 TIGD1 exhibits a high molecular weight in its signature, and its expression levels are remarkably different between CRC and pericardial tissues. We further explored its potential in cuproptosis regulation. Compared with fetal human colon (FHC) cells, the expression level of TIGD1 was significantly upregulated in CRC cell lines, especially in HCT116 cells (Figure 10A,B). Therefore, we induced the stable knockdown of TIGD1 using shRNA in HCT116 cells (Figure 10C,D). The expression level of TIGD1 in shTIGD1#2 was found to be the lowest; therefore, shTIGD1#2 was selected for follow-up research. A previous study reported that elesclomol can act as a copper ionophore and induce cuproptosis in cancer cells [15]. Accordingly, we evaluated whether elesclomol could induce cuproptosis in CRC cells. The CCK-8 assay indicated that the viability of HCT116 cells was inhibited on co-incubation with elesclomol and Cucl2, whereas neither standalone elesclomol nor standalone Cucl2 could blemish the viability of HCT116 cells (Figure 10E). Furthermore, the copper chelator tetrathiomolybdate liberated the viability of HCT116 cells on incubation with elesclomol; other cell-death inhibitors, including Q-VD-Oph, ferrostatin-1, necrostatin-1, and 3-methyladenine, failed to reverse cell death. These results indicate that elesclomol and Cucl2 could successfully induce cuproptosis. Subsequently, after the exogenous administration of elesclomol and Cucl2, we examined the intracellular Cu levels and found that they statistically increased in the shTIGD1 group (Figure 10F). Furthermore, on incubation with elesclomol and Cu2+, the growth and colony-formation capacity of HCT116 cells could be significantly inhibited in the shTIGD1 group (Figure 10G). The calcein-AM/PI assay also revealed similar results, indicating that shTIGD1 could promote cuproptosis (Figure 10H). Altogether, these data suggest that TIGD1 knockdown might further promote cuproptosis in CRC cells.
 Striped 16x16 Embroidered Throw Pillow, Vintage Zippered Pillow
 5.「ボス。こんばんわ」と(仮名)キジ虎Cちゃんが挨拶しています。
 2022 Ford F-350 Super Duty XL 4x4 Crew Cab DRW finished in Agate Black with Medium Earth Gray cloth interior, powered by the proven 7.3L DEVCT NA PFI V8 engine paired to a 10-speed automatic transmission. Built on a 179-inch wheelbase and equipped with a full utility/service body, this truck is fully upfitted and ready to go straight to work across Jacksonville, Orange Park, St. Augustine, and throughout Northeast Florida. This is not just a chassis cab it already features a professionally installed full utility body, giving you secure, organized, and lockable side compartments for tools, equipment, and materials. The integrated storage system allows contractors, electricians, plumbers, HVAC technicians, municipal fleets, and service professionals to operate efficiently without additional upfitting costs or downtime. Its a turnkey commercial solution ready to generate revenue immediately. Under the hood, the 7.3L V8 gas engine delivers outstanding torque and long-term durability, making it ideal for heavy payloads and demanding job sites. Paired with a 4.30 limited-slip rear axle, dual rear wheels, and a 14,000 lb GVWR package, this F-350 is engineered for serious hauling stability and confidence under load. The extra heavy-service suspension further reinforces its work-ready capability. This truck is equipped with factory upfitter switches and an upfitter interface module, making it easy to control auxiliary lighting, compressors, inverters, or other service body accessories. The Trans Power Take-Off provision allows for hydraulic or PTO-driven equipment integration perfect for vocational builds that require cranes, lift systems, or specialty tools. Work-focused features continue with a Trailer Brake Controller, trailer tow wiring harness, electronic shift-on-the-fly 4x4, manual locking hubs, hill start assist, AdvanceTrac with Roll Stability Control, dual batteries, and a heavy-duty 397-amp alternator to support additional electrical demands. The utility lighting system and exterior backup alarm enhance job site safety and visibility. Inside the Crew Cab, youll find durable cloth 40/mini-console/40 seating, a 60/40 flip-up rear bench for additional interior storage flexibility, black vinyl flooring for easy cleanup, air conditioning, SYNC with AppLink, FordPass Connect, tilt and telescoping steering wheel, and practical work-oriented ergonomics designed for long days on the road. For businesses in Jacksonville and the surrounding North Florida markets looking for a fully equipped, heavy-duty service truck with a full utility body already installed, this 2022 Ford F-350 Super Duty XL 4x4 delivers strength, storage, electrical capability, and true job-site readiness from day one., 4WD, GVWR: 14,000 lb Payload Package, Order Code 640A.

============

From the first line to the last, return the listing exactly.

 TIGD1 exhibits a high molecular weight in its signature, and its expression levels are remarkably different between CRC and pericardial tissues. We further explored its potential in cuproptosis regulation. Compared with fetal human colon (FHC) cells, the expression level of TIGD1 was significantly upregulated in CRC cell lines, especially in HCT116 cells (Figure 10A,B). Therefore, we induced the stable knockdown of TIGD1 using shRNA in HCT116 cells (Figure 10C,D). The expression level of TIGD1 in shTIGD1#2 was found to be the lowest; therefore, shTIGD1#2 was selected for follow-up research. A previous study reported that elesclomol can act as a copper ionophore and induce cuproptosis in cancer cells [15]. Accordingly, we evaluated whether elesclomol could induce cuproptosis in CRC cells. The CCK-8 assay indicated that the viability of HCT116 cells was inhibited on co-incubation with elesclomol and Cucl2, whereas neither standalone elesclomol nor standalone Cucl2 could blemish the viability of HCT116 cells (Figure 10E). Furthermore, the copper chelator tetrathiomolybdate liberated the viability of HCT116 cells on incubation with elesclomol; other cell-death inhibitors, including Q-VD-Oph, ferrostatin-1, necrostatin-1, and 3-methyladenine, failed to reverse cell death. These results indicate that elesclomol and Cucl2 could successfully induce cuproptosis. Subsequently, after the exogenous administration of elesclomol and Cucl2, we examined the intracellular Cu levels and found that they statistically increased in the shTIGD1 group (Figure 10F). Furthermore, on incubation with elesclomol and Cu2+, the growth and colony-formation capacity of HCT116 cells could be significantly inhibited in the shTIGD1 group (Figure 10G). The calcein-AM/PI assay also revealed similar results, indicating that shTIGD1 could promote cuproptosis (Figure 10H). Altogether, these data suggest that TIGD1 knockdown might further promote cuproptosis in CRC cells.
 Striped 16x16 Embroidered Throw Pillow, Vintage Zippered Pillow
 5.「ボス。こんばんわ」と(仮名)キジ虎Cちゃんが挨拶しています。
 2022 Ford F-350 Super Duty XL 4x4 Crew Cab DRW finished in Agate Black with Medium Earth Gray cloth interior, powered by the proven 7.3L DEVCT NA PFI V8 engine paired to a 10-speed automatic transmission. Built on a 179-inch wheelbase and equipped with a full utility/service body, this truck is fully upfitted and ready to go straight to work across Jacksonville, Orange Park, St. Augustine, and throughout Northeast Florida. This is not just a chassis cab it already features a professionally installed full utility body, giving you secure, organized, and lockable side compartments for tools, equipment, and materials. The integrated storage system allows contractors, electricians, plumbers, HVAC technicians, municipal fleets, and service professionals to operate efficiently without additional upfitting costs or downtime. Its a turnkey commercial solution ready to generate revenue immediately. Under the hood, the 7.3L V8 gas engine delivers outstanding torque and long-term durability, making it ideal for heavy payloads and demanding job sites. Paired with a 4.30 limited-slip rear axle, dual rear wheels, and a 14,000 lb GVWR package, this F-350 is engineered for serious hauling stability and confidence under load. The extra heavy-service suspension further reinforces its work-ready capability. This truck is equipped with factory upfitter switches and an upfitter interface module, making it easy to control auxiliary lighting, compressors, inverters, or other service body accessories. The Trans Power Take-Off provision allows for hydraulic or PTO-driven equipment integration perfect for vocational builds that require cranes, lift systems, or specialty tools. Work-focused features continue with a Trailer Brake Controller, trailer tow wiring harness, electronic shift-on-the-fly 4x4, manual locking hubs, hill start assist, AdvanceTrac with Roll Stability Control, dual batteries, and a heavy-duty 397-amp alternator to support additional electrical demands. The utility lighting system and exterior backup alarm enhance job site safety and visibility. Inside the Crew Cab, youll find durable cloth 40/mini-console/40 seating, a 60/40 flip-up rear bench for additional interior storage flexibility, black vinyl flooring for easy cleanup, air conditioning, SYNC with AppLink, FordPass Connect, tilt and telescoping steering wheel, and practical work-oriented ergonomics designed for long days on the road. For businesses in Jacksonville and the surrounding North Florida markets looking for a fully equipped, heavy-duty service truck with a full utility body already installed, this 2022 Ford F-350 Super Duty XL 4x4 delivers strength, storage, electrical capability, and true job-site readiness from day one., 4WD, GVWR: 14,000 lb Payload Package, Order Code 640A.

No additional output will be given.